Both Windows and Linux-based operating systems are plenty reliable if you actually know what you're doing and you know how things work. Apple started a culture where you don't need to know how things work because you have no influence over your own devices. Which lets people do the simple tasks without adressing the problem that your userbase will not amass any computing knowledge whatsoever.

And when Apple devices do fail (and trust me, they do), they fail catastrophically without a way to fix the problem yourself (which is by design).

The distinction is larger for computers than it is for mobile devices, but yeah in general Apple devices are for simpletons. But the biggest issue is that Apple's design philosophy actively creates these simpletons.

[–] [email protected] 13 points 8 months ago (1 children)

The article says that Apple is still planning on making iMessage compatible with RCS, but isn't Apple's incentive gone if there's no longer any EU pressure? How likely is it that Apple will cancel their RCS plans?

[–] [email protected] 15 points 8 months ago* (last edited 8 months ago) (1 children)

There's still plenty of EU pressure. This was a close enough thing that the EU spent months investigating it before making a decision.

That sends a pretty clear message to Apple "we're OK with what you're doing with messaging right now, but only just barely". If Apple does something the EU doesn't like, new legislation can be written.

There's also pressure in the USA and other countries where iMessage is far more widely used.

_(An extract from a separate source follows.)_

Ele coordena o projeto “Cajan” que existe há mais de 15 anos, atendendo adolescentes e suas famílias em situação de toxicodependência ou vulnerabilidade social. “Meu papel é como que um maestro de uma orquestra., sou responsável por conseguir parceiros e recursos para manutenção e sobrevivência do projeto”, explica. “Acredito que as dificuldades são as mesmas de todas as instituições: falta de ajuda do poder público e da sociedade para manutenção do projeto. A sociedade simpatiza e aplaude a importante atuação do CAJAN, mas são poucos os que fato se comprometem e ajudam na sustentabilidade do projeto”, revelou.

The pressure hasn't gone anywhere yet, but it definitely could. The USA came down hard on Ma Bell when they dominated the phone industry. They're so dead most people have forgotten they existed. They were arguably the biggest company in the entire world at the time. Just like Apple is now.

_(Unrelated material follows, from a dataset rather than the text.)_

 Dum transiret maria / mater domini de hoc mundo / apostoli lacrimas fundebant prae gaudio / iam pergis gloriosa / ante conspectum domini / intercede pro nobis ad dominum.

Part of the order against Ma Bell was to order the company to stop selling phones. Imagine if the USA did that again, with Apple this time. I listened to an interview with an antitrust regulator in the USA yesterday (Decoder podcast)... he said they're short staffed and rely on punitive damages so harsh that other companies choose voluntary compliance, removing the need to actually regulate the whole industry (they don't have enough people to do that). Pretty scary stuff - the EU's approach is far gentler.

[–] [email protected] 3 points 8 months ago

“we’re OK with what you’re doing with messaging right now, but only just barely”. If Apple does something the EU doesn’t like, new legislation can be written.

Because of the "only just barely" part, new legislation might not even be necessary.
If Apple only narrowly avoided falling under the core platform definition, just a change in market share might be enough for that to change under the existing rules.